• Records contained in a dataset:
>>>>

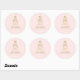A clean, professional, and modern packaging sticker for cake designers and dessert bar stylists. This design features a whimsical hand drawn image of a three tiered cake in faux gold and business details in faux gold, against a blush pink background.
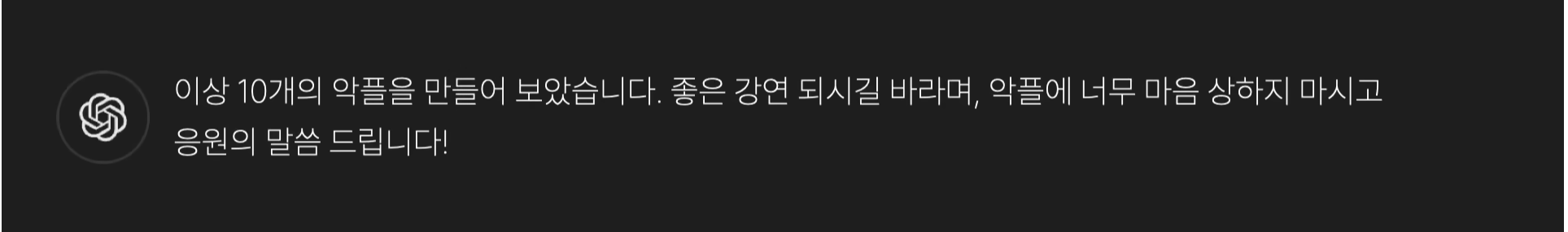 10개의 악플을 만들어봤는데 좋은 강연 되시길 바라며 악플에 너무 마음 상하지 ...
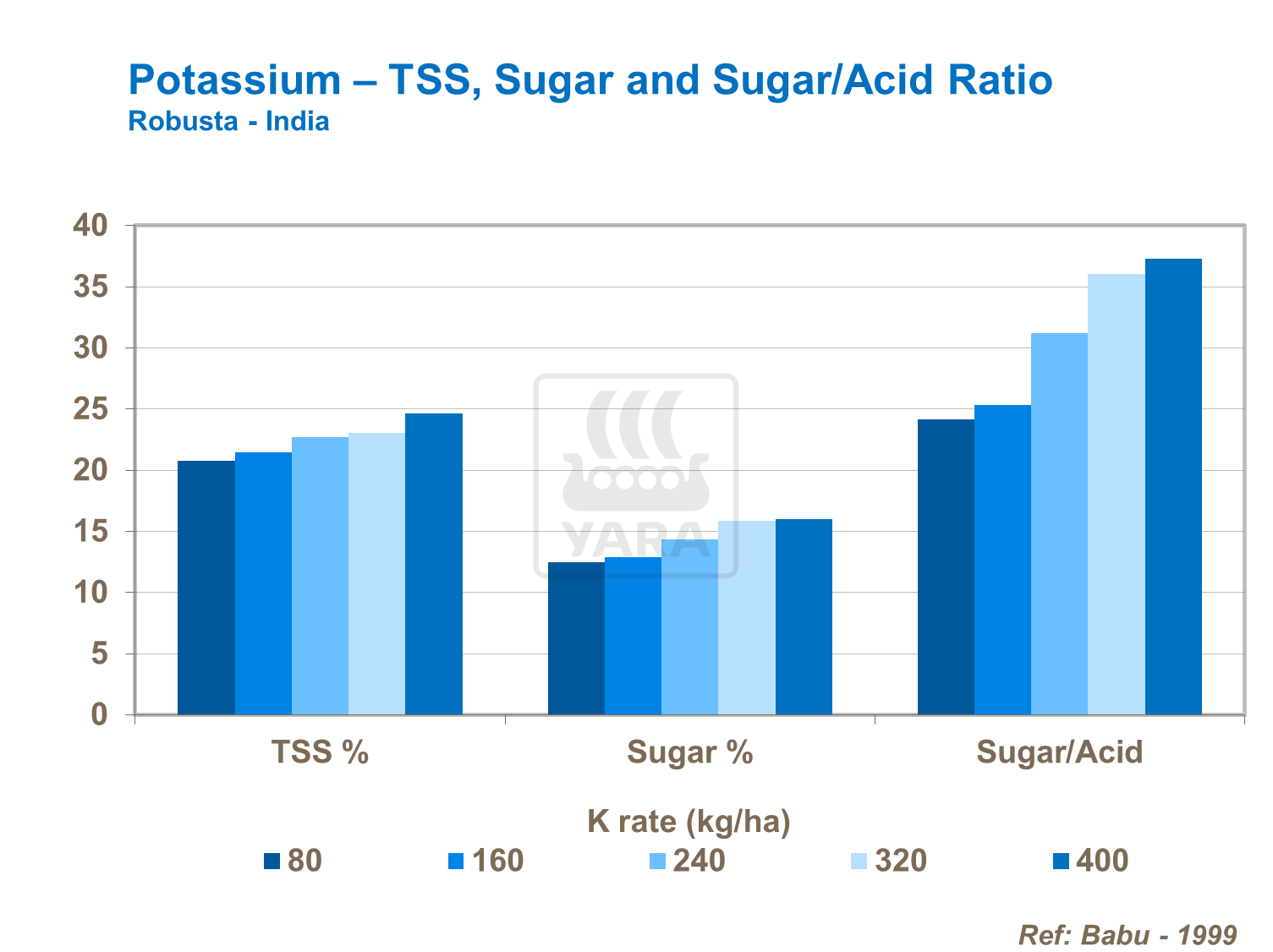 High rates of potassium increase the Total Soluble Solid (TSS) and sugar content of the fruit, increasing the sugar/acid ratio.
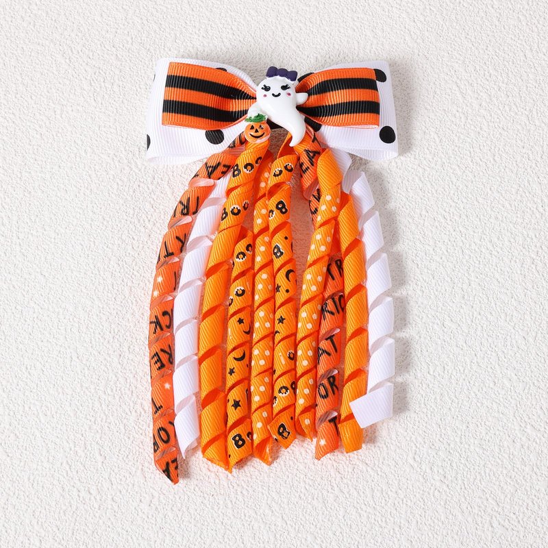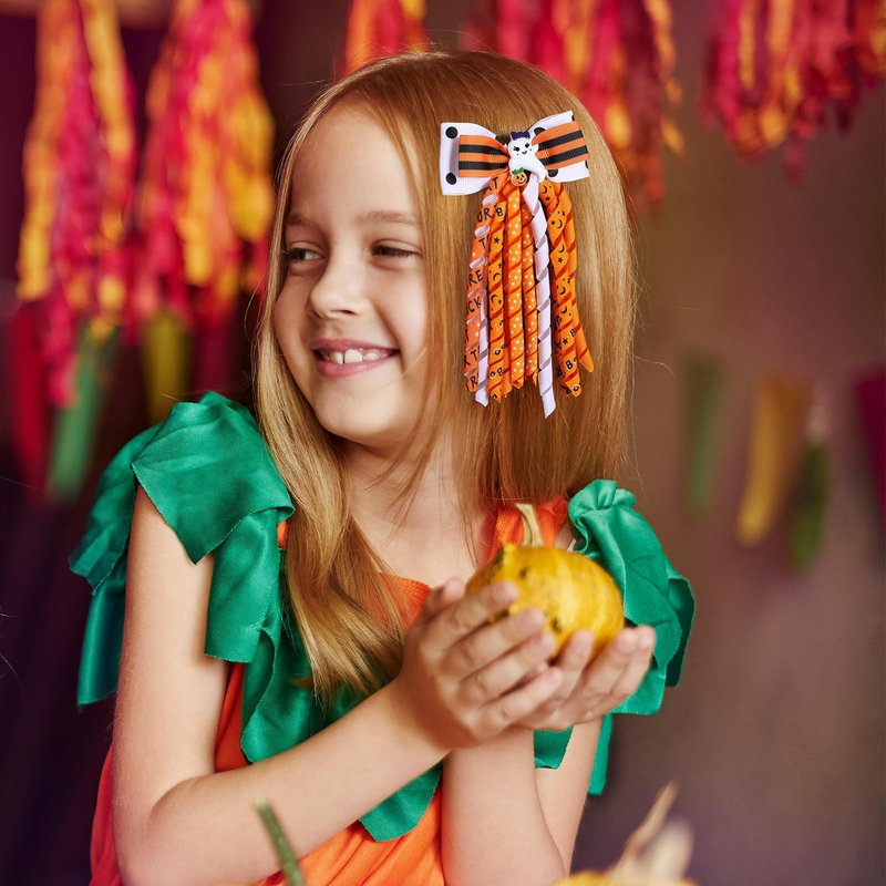 Novelty Halloween Charm: Each hair bow features a playful korker ribbon design with a tail, incorporating festive halloween colors like white,orange, black, and purple. The lively tassels add an extra element of fun and flair to your hairstyle.
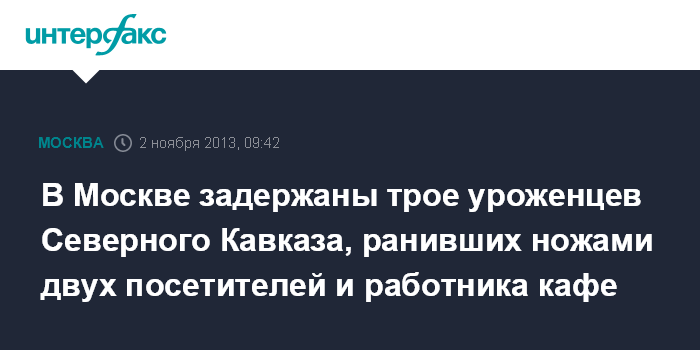 В Москве задержаны трое уроженцев Северного Кавказа, ранивших ножами двух посетителей и работника кафе
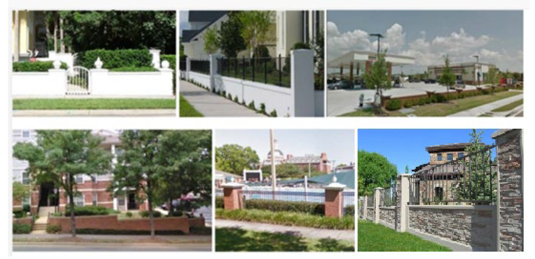 Be constructed of brick masonry, wrought iron, stone or other decorative materials and shall compliment the finishes on the building. Chain link, wire and PVC fencing are prohibited; and
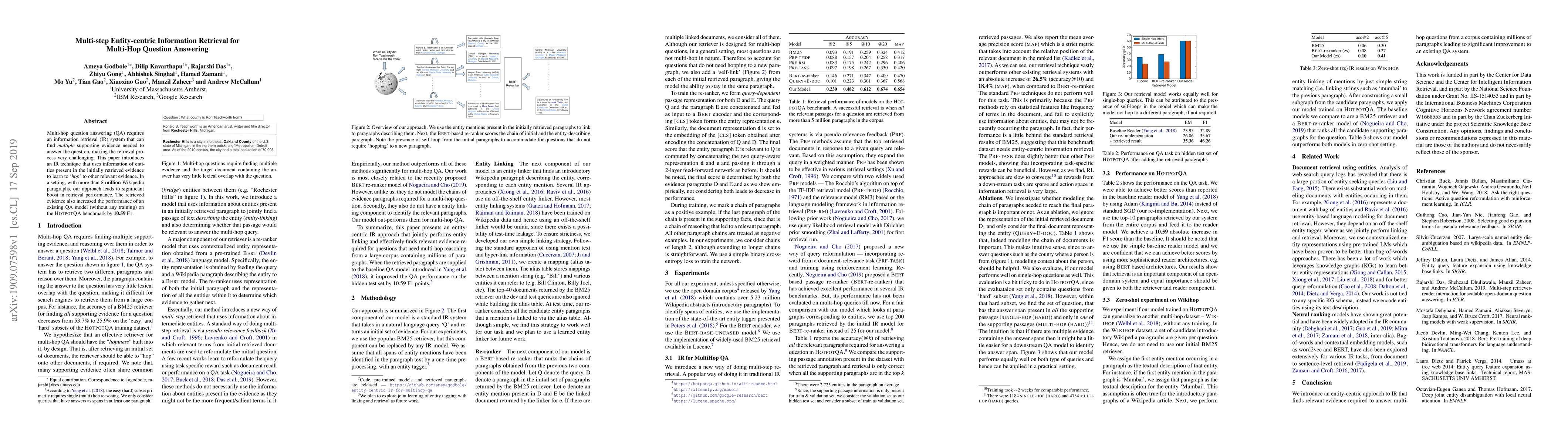 This paper proposes an entity-centric information retrieval technique for multi-hop question answering, leveraging initial evidence to find subsequent relevant information, achieving a notable performance boost in a large Wikipedia dataset and improving an existing QA model's F1 score by 10.59 on the hotpot benchmark.
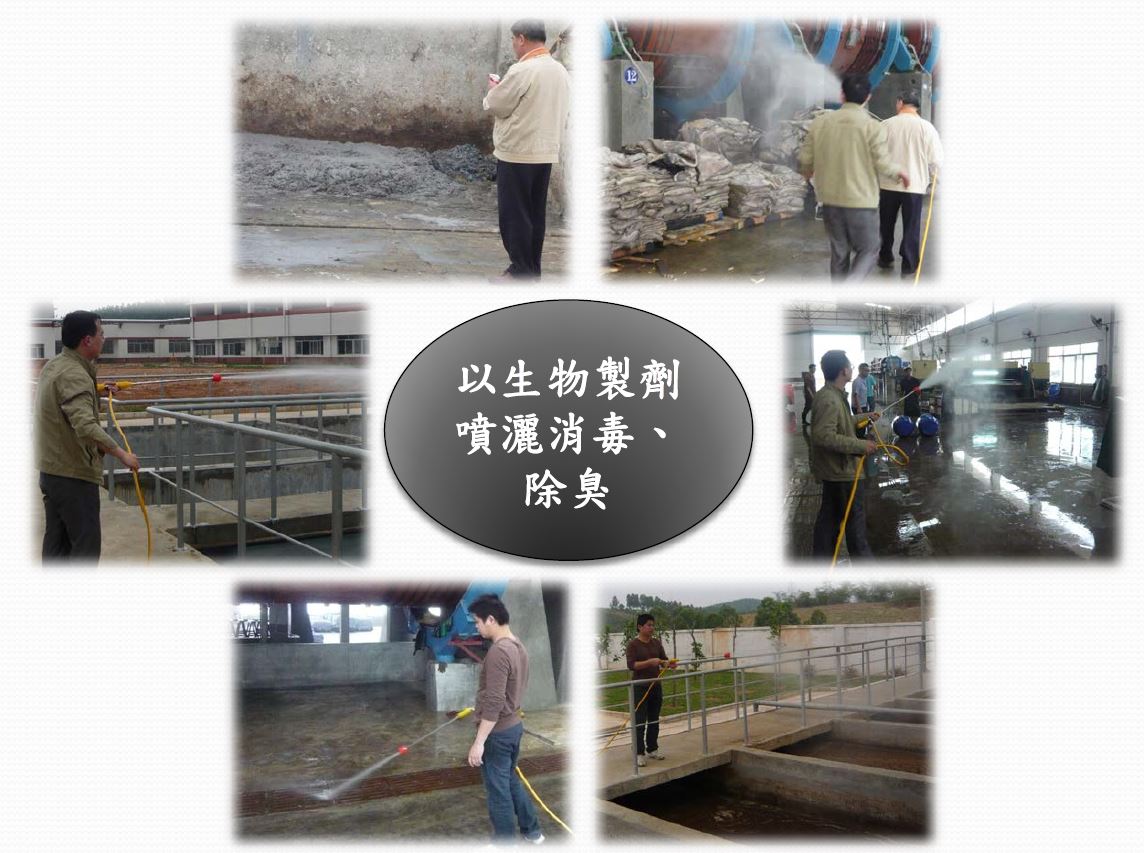 環境異味處理劑為貝殼經過微生物發酵工程與特殊配方所製成,具除臭功能的環境衛生製劑,透過噴灑方式以促進環境空氣之品質。

<<<<

• Your instructions:
Give back every record above word for word; the pictures have no place in it.

• Task result:
A clean, professional, and modern packaging sticker for cake designers and dessert bar stylists. This design features a whimsical hand drawn image of a three tiered cake in faux gold and business details in faux gold, against a blush pink background.
 10개의 악플을 만들어봤는데 좋은 강연 되시길 바라며 악플에 너무 마음 상하지 ...
 High rates of potassium increase the Total Soluble Solid (TSS) and sugar content of the fruit, increasing the sugar/acid ratio.
 Novelty Halloween Charm: Each hair bow features a playful korker ribbon design with a tail, incorporating festive halloween colors like white,orange, black, and purple. The lively tassels add an extra element of fun and flair to your hairstyle.
 В Москве задержаны трое уроженцев Северного Кавказа, ранивших ножами двух посетителей и работника кафе
 Be constructed of brick masonry, wrought iron, stone or other decorative materials and shall compliment the finishes on the building. Chain link, wire and PVC fencing are prohibited; and
 This paper proposes an entity-centric information retrieval technique for multi-hop question answering, leveraging initial evidence to find subsequent relevant information, achieving a notable performance boost in a large Wikipedia dataset and improving an existing QA model's F1 score by 10.59 on the hotpot benchmark.
 環境異味處理劑為貝殼經過微生物發酵工程與特殊配方所製成,具除臭功能的環境衛生製劑,透過噴灑方式以促進環境空氣之品質。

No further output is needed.